Жена швейцара, видимо, позавидовала мужу, который, не прилагая труда, извлекал себе дань из моего кошелька, и заявилась ко мне жаловаться на супруга. «Этот старый хрыч, – сказала она, – тратит все ваши деньги на свое ненасытное брюхо, и ему плевать, что жена у него ходит голодная. А кстати, что касается шрамов, которые он выдает за следы ранений, якобы полученных на войне с французами, то, заяви она в полицию, откуда у него на самом деле эти шрамы, он бы у нее давно уже сгнил в тюрьме». Я подумал, что лично мне нисколько не мешает, если этот патриот будет ходить на воле, умножая собой число законопослушных жителей Берлина, и решил успокоить завистливую супругу, наградив и ее половиной марки.

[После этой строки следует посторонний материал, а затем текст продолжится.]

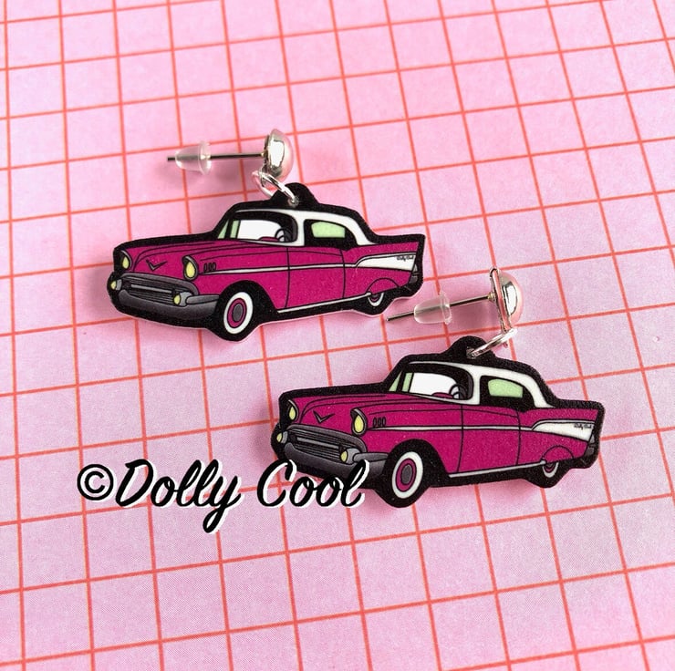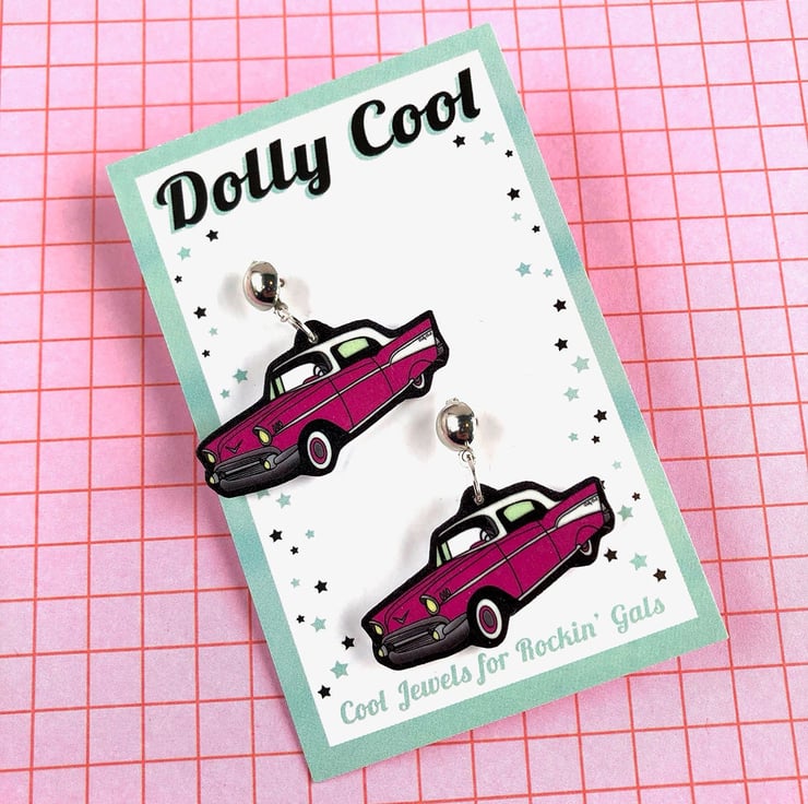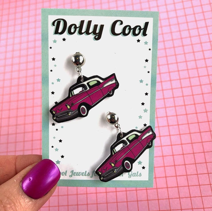 50s Pink Chevy Bel Air Car Earrings by Dolly Cool - Rockabilly - 50s Car - VLV - Cadillac
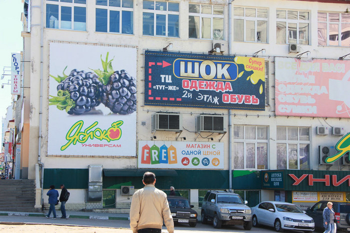 А, эта реклама, что на этих фотографиях, даже не сама по себе ужасна, а суть в том, что изуродовали город и проспект Октябрьской Революции сами "курятники" бездумно и алчно настроенные на газонах проспекта!
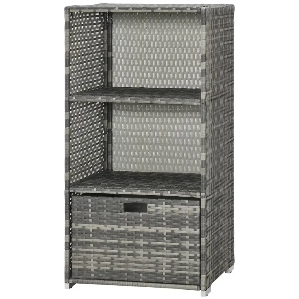 Keep your poolside neat and stylish with this Waterproof PE Plastic Rattan Wicker Storage Organizer, designed for both indoor and outdoor use. Featuring a pull-out accessory drawer, two-tier towel rack, and weather-resistant PE wicker, it offers a versatile storage solution for pool essentials, towels, and spa accessories. With its durable construction and elegant woven design, this organizer brings a touch of luxury to your pool, hot tub, or bathroom.
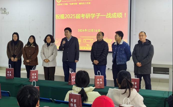 曲剧为考研学生加油鼓劲,她希望同学们要坚定目标信念,注重复习策略,注意身心健康,积极调整心态,并表示会及时解决同学们在备考过程中的困难、困惑,为考研学子全力做好服务保障工作。冷向宇、李洁、曹康哲等辅导员老师为同学们送上暖心祝福,祝愿大家旗开得胜,马到成功。最后,学院领导为考研学生送上悉心筹备的考研关怀礼包,承载着学院满满的祝愿,为考研路上的学子们提供温暖的力量。愿他们目光坚定、信心满怀,最终梦想成真,一战成硕!
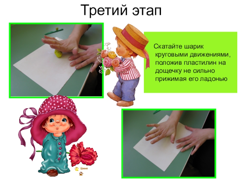 Третий этап    Скатайте шарик круговыми движениями, положив пластилин на дощечку не сильно прижимая его
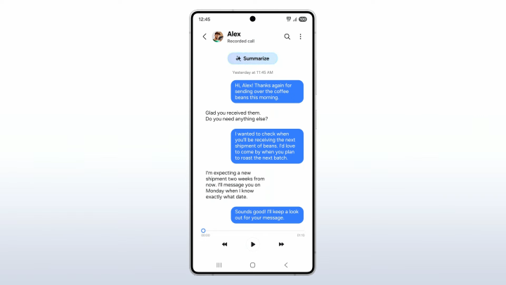 Galaxy AI 也不仅引入了 AI 通话摘要,还采用了对话式的文本设计——用类似短信的文本对话「还原」通话中双方所说的话,这一点可能也值得其他手机厂商借鉴。
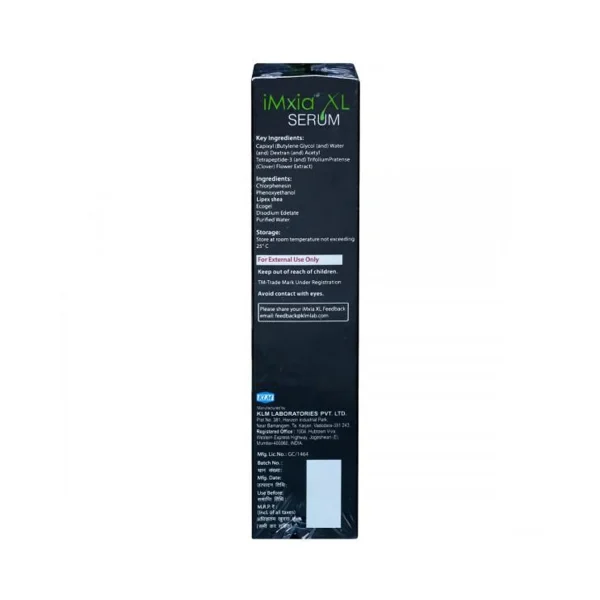 Imxia XL Serum is a hair growth serum that helps in hair growth, prevents follicle ageing, hair fall, increases hair strength, enhances elasticity and also prevents thinning of hair. It is also beneficial in alopecia and male pattern baldness.
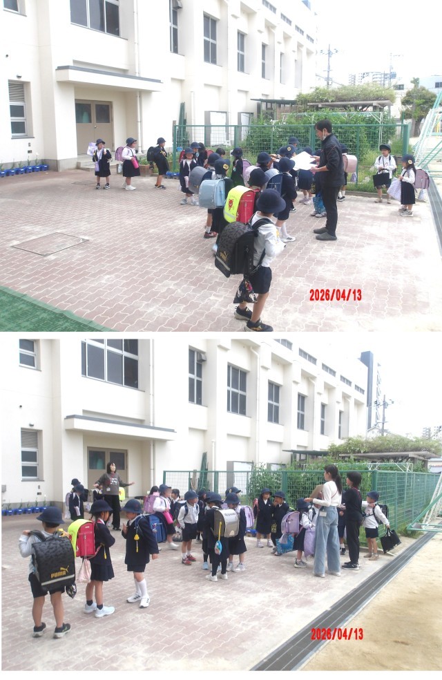 1年生が、下校の準備をしていました。持ち帰る物と学校に置いていく物を、教員が一人ひとりランドセルの中身を見て確かめていました。準備ができたら、靴を履き替えて外に出ます。外に出ると、下校方法・下校の方向などでグループに分かれ、いきいき活動に参加する児童は、いきいき活動の指導員がお迎えに来てくれています。ここまで、先週はとても時間がかかりましたが、1週間が過ぎた週明けの今日は、スムーズにできました。
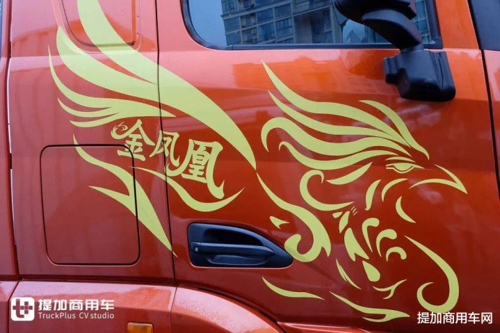 驾驶室侧面设计了以“金凤凰”为核心设计元素的拉花,既增强了整车外观效果,同时也强调了车辆的自身辨识度
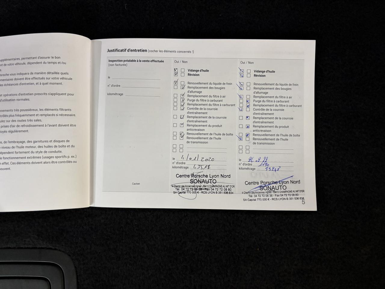 - 1er entretien fait le 04/01/2020 à 43 517Km chez Porsche Lyon. ( Vidange moteur + liquide de frein )
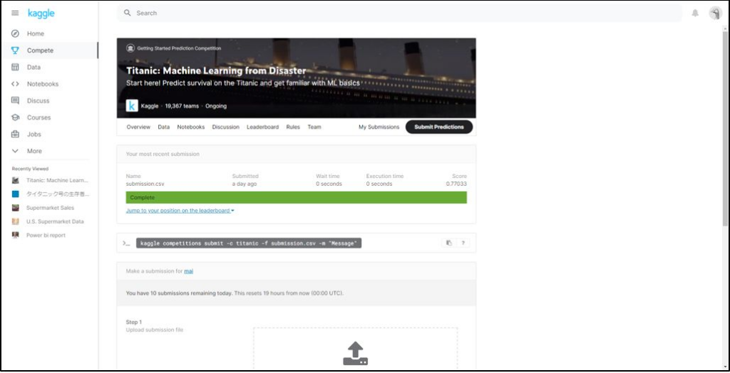 結果をKaggleのSubmit Predictionsから投稿してみます。
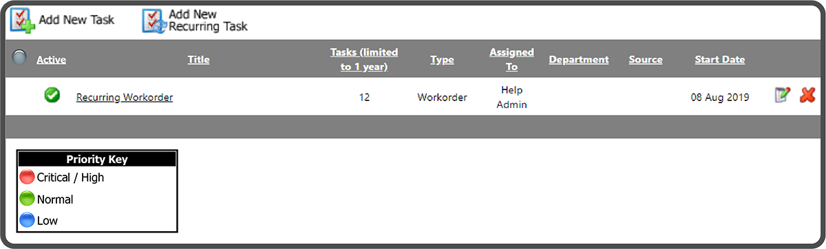 The Recurring Task Section displays the Recurring Task Templates. You can modify and delete Recurring Tasks from the Recurring Tasks Grid.
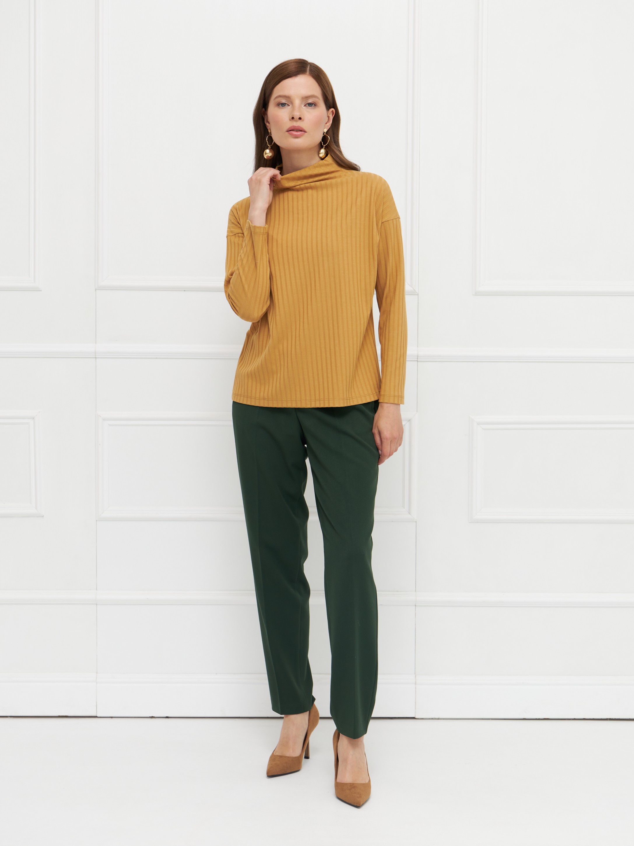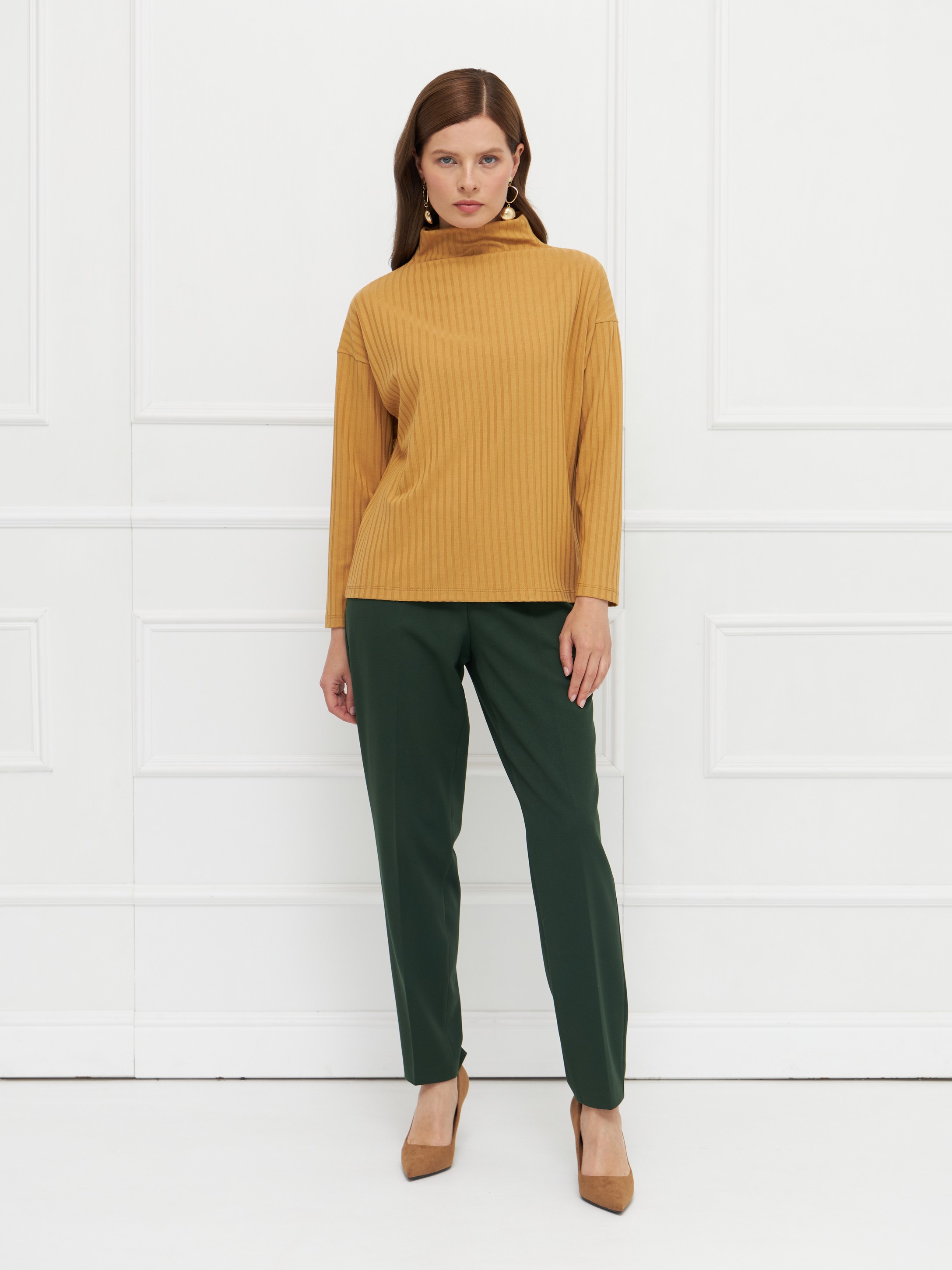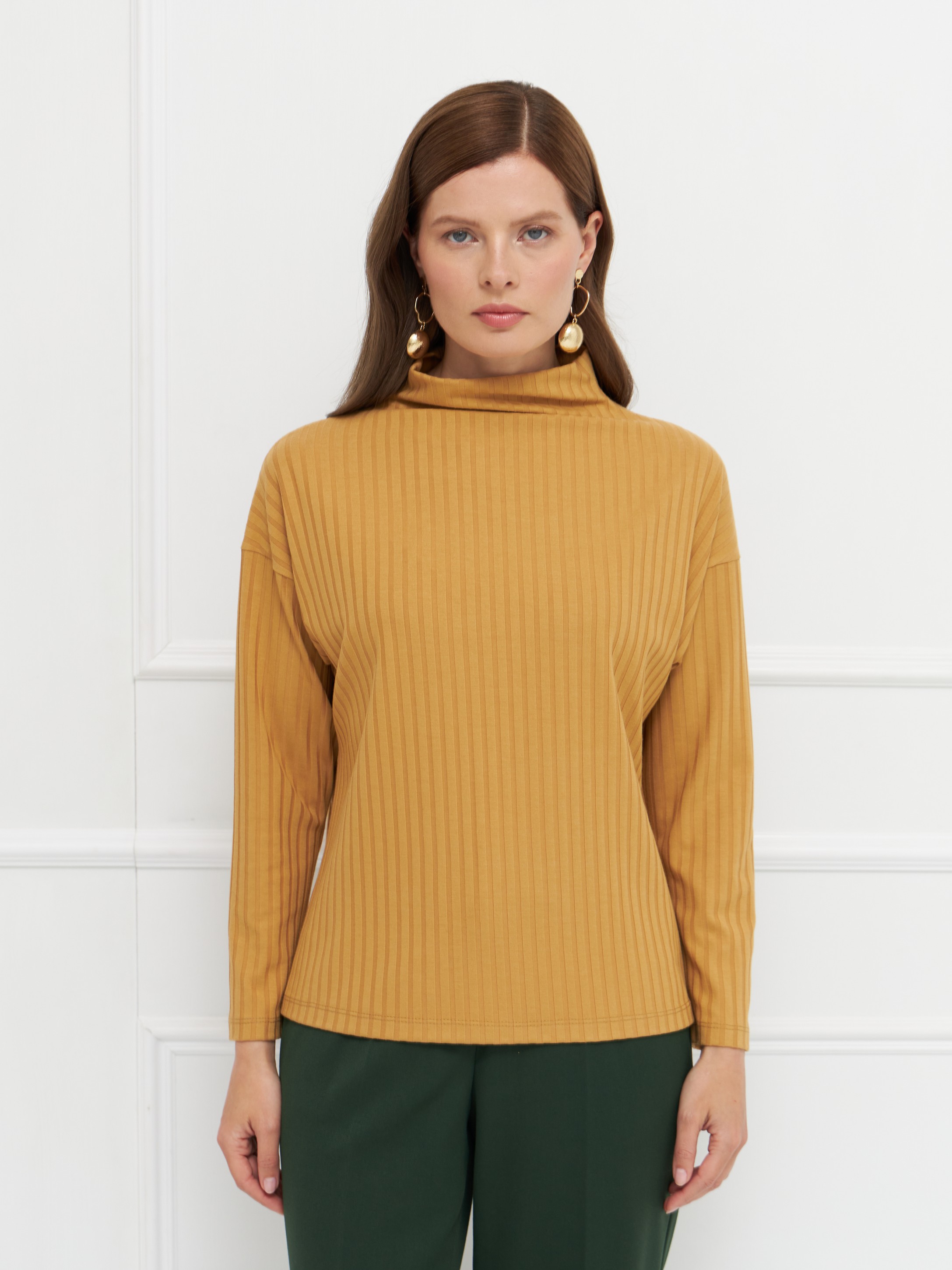 Джемпер выполнен из мягкого трикотажа в рубчик горчичного цвета, приятного к телу и обеспечивающего комфорт. Модель имеет цельнокроеный воротник и спущенную линию плеча, что создаёт расслабленный и современный силуэт. Прямой крой обеспечивает свободу движений и универсальность в сочетаниях. Уютная и лаконичная водолазка станет базовой вещью для повседневного и делового гардероба. На фото в паре Брюки Б-704 ЗМО(О5).
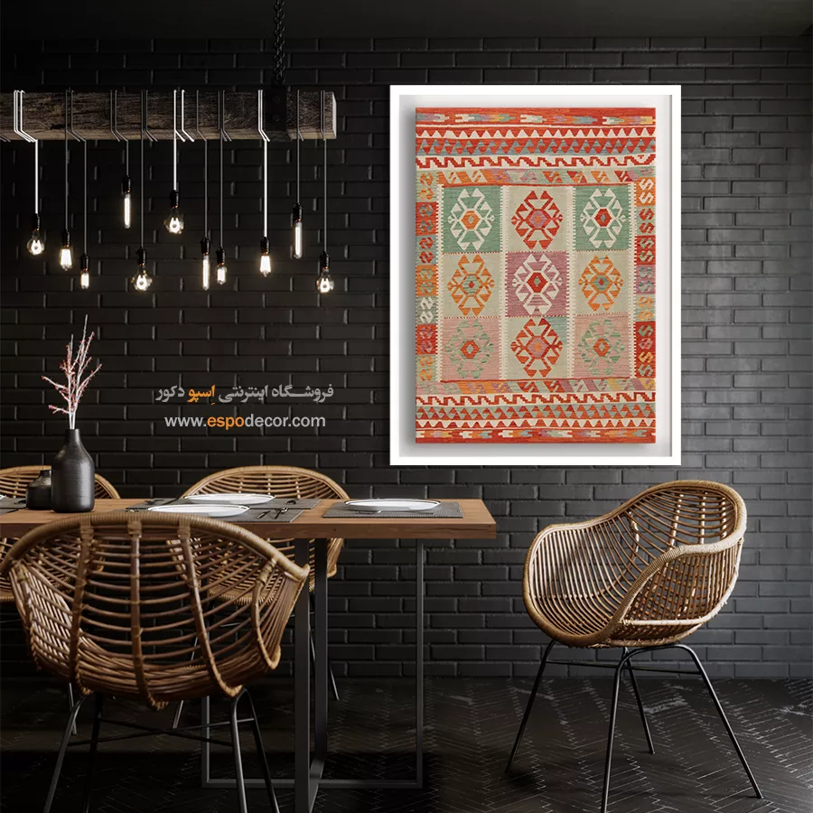 تابلوی دکوراتیو با طرح گلیم افغان، تلفیقی بینظیر از هنر اصیل شرقی و طراحی مدرن است. این تابلو با الهام از نقشونگارهای سنتی گلیمهای افغانستان، حس گرما، صمیمیت و اصالت را به فضای خانه یا محل کار شما میآورد و انتخابی منحصربهفرد برای دوستداران فرهنگ و هنر شرقی است.

Фрау Мункель терпеть не могла швейцара, который вечно посылал ее кружным путем, к входу для прислуги, когда она приходила домой с полными сумками, и из себя выходила, поминая его жену, которая, по ее словам, ведет себя неприлично, пользуясь доверчивостью таких людей, как я, и жалуясь им на свою бедность. По мнению фрау Мункель, те деньги, которые я даю этим двум вымогателям, лучше было бы отдать Отечеству. И в результате в один прекрасный день она вошла ко мне с сообщением, что меня срочно хотят видеть две весьма важные дамы. Я подумал, что, возможно, Бригитта Шиммерманн приехала по каким-то своим делам в Берлин и решила осведомиться о моих делах, но ведь фрау Мункель сказала «две дамы» – кто же тогда вторая? В другое время мне, наверно, и целого дня не хватило бы перебрать все те мысли, которые теперь мгновенно пронеслись в моей голове. Я поочередно подставлял себе каждую знакомую мне женщину на роль спутницы Бригитты Шиммерманн и, перебирая их одну за другой, вдруг сообразил, что давно не подстригал бороду, – как же я предстану перед такими важными посетительницами? Так я терял время в пустых терзаниях, пока фрау Мункель не вернула меня на землю вопросом, что ответить этим дамам? «Пусть войдут», – сказал я.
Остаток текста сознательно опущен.